Cortical sensory processing across motivational states during goal-directed behavior
- wS1-wS2-wM2 cortical pathway is involved in a two-whisker discrimination task
- Selectivity to sensory and motor events increases along this sensorimotor pathway
- Improved performance is explained by changes in thirst-related motivational states
- Sensory decoding of whisker identity in wS2-wM2 correlates with task performance
Behavioral states can influence performance of goal-directed sensorimotor tasks. Yet, it is unclear how altered neuronal sensory representations in these states relate to task performance and learning.
We trained water-restricted mice in a two-whisker discrimination task to study cortical circuits underlying perceptual decision-making under different levels of thirst.
We identified somatosensory cortices as well as the premotor cortex as part of the circuit necessary for task execution.
Two-photon calcium imaging in these areas identified populations selective to sensory or motor events.
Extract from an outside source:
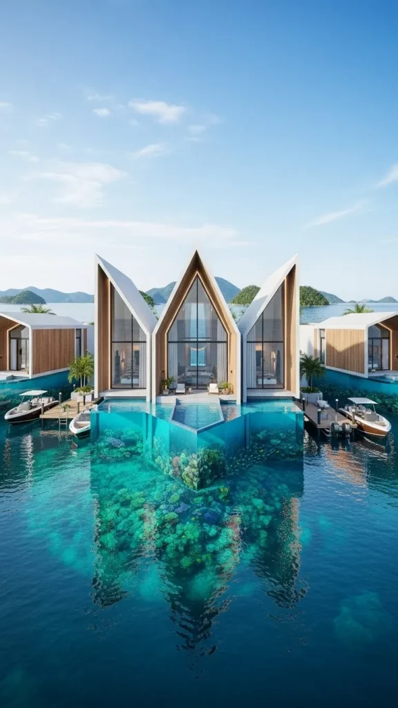 It offers a cool sleeping environment naturally due to water temperature. The structure is anchored firmly to the lake bed for stability. It is like having a personal aquarium in your bedroom walls.

Analysis of task performance during individual sessions revealed distinct behavioral states induced by decreasing levels of thirst-related motivation.
Learning was better explained by improvements in motivational state control rather than sensorimotor association. Whisker sensory representations in the cortex were altered across behavioral states.
In particular, whisker stimuli could be better decoded from neuronal activity during high task performance states, suggesting that state-dependent changes of sensory processing influence decision-making.